Nota-se a presença da proteína SEC14 em diferentes organismos, indicando ortologia entre os genes, ou seja, no passado, essas espécies tiveram um ancestral comum que apresentava em seu genoma esse gene. Quando houve a cladogênese, cada organismo herdou a SEC14, tendo uma homologia dessa proteína entre eles. Salienta-se que há um indicativo de duplicação de alguns organismos que se repetem na árvore, contudo apresentam o gene em cromossomos

diferentes. A Tabela disponível no anexo permite observar todas as sequências contidas nessa árvore e em qual cromossomo encontra-se o gene para SEC14, essas possíveis duplicações ocorrem tanto em mono como em eudicotiledôneas. Há diferença entre os grupos das eudicotiledôneas e monocotiledôneas, essa separação ficou explícita na árvore disponível no anexo. Existem 3 sequências do organismo Sorghum bicolor destacadas por apresentarem maior identidade a SEC14 na árvore, sendo elas LOC8065083, LOC8082915 e LOC8062008, que se encontram, respectivamente nos cromossomos 10, 4 e 2. O alinhamento das mesmas via Clustal Omega (Anexo) sugere que são prováveis duplicações que podem estar em processo de divergência, pois apresentam-se em cromossomos diferentes e, apesar de conservarem a sequência, já possuem alguns aminoácidos distintos. Destaca-se também que todas as sequências da árvore apresentam conservado o domínio CRAL-TRIO.

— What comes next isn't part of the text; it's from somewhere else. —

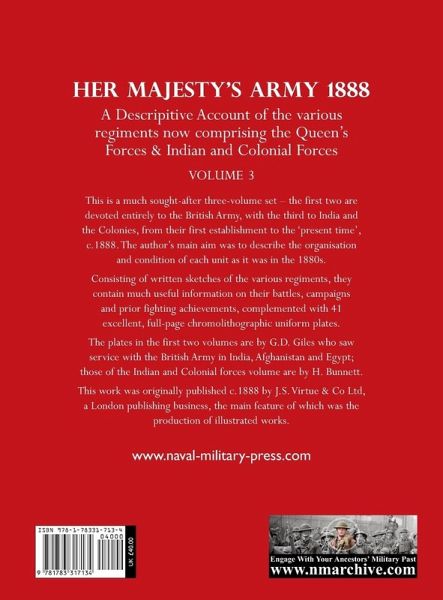 This is a much sought-after three-volume set – the first two are devoted entirely to the British Army, with the third to India and the Colonies, from their first establishment to the ‘present time’, c.1888. The author’s main aim was to describe the organisation and condition of each unit as it was in the 1880s. Consisting of written sketches of the various regiments, they contain much useful information on their battles, campaigns and prior fighting achievements, complemented with 41 excellent, full-page chromolithographic uniform plates. The plates in the first two volumes are by G.D. Giles who saw service with the British Army in India, Afghanistan and Egypt; those of the Indian and Colonial forces volume are by H. Bunnett. This work was originally published c.1888 by J.S. Virtue & Co Ltd, a London publishing business, the main feature of which was the production of illustrated works.

Com o intuito de observar as relações filogenéticas com um maior nível de restringência, fez-se outra árvore filogenética mais restritiva com os parâmetros de 100 alvos máximos e o threshold de 70 (Figura 6). Pode-se notar que, para estes parâmetros, esta árvore apresenta apenas a família das Poaceae (na árvore do anexo , essa família foi destacada em vermelho), o que era de se esperar devido à similaridade das sequências dentro de uma mesma família. Supõe-se que um maior nível de restrição só permite que as relações filogenéticas mais próximas estejam visíveis na árvore. Por isso, começamos com uma árvore mais abrangente com 200 organismos (disponível no anexo), seguida por uma árvore com cerca de 50 organismos (figura 5), até uma árvore contendo apenas 18 organismos (figuras 6).

A árvore filogenética exposta na figura 6, apresenta unicamente membros da família Poaceae, predominantemente os organismos são do gênero Oryza, apesar de notarmos exemplares do gênero Triticum, Hordeum, Sorghum, Setaria e Panicum. Nota-se uma das sequências de sorgo que se apresentava duplicada na árvore mais abrangente (no anexo ), novamente presente nessa última árvore.

Figura 6 - Árvore filogenética 2 da SEC14. Gerada pela plataforma TaxOnTree (Threshold 70 e 100

maximum targets) e visualizada via FigTree v1.4.3. Contendo organismos da família Poaceae. O nome

destacado em vermelho indica a sequência de cana-de-açúcar (ScSEC14). As porcentagens mostram valores de bootstrap dos nós.